Input data.
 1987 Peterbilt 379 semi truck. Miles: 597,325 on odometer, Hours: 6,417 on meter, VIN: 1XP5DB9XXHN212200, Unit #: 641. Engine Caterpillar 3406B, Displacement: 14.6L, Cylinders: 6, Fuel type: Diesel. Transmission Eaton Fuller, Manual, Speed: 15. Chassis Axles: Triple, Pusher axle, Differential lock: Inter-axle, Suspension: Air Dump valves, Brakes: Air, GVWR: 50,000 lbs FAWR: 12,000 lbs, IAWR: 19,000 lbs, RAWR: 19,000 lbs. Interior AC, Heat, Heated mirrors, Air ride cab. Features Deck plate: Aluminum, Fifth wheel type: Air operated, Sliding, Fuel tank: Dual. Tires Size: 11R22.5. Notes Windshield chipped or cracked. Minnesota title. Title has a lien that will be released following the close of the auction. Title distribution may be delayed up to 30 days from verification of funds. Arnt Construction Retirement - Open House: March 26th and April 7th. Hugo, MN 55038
* * *
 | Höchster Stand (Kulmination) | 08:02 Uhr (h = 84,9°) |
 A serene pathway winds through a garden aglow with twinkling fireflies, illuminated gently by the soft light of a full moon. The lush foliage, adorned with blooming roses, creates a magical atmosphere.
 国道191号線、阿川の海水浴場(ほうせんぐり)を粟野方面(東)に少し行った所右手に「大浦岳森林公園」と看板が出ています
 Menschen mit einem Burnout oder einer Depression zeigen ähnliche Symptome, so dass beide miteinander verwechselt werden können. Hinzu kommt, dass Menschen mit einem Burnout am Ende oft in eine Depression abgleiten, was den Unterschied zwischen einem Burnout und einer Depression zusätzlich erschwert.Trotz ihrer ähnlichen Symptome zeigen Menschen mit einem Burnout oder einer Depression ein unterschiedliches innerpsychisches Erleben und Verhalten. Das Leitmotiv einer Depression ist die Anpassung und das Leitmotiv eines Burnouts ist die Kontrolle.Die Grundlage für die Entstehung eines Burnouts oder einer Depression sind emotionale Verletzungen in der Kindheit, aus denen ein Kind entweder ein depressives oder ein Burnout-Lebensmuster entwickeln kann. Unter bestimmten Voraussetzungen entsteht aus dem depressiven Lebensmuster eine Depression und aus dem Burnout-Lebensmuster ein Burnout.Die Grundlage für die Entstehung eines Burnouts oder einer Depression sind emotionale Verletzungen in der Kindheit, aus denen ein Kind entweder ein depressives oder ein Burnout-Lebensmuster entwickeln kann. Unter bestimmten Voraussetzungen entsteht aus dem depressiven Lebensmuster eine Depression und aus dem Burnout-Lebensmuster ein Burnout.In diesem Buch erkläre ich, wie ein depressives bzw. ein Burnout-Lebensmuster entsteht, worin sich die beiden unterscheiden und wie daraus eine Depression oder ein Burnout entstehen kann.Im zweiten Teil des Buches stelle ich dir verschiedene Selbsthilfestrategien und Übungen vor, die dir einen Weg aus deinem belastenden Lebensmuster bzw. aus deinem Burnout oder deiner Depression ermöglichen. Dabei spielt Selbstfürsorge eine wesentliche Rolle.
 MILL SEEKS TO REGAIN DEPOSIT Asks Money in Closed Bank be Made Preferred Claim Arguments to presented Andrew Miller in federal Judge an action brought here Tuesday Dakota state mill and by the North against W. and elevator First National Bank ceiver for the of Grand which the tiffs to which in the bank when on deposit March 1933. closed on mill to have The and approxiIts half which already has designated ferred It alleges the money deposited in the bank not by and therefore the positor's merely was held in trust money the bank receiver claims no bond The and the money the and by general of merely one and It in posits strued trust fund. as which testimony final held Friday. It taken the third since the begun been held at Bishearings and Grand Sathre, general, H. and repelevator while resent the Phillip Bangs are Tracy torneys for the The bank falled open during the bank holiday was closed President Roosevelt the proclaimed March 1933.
* * *
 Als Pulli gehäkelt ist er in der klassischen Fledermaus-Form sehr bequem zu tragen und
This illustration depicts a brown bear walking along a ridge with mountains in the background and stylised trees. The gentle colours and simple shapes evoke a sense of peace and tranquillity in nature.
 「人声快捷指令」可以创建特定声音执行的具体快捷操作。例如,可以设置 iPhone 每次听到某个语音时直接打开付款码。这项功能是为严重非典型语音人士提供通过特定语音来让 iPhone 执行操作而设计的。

Work required.
Copy back the listing above exactly, but only from the line with "A serene pathway" through the line with "国道191号線、阿川の海水浴", both ends included.

Response area.
 A serene pathway winds through a garden aglow with twinkling fireflies, illuminated gently by the soft light of a full moon. The lush foliage, adorned with blooming roses, creates a magical atmosphere.
 国道191号線、阿川の海水浴場(ほうせんぐり)を粟野方面(東)に少し行った所右手に「大浦岳森林公園」と看板が出ています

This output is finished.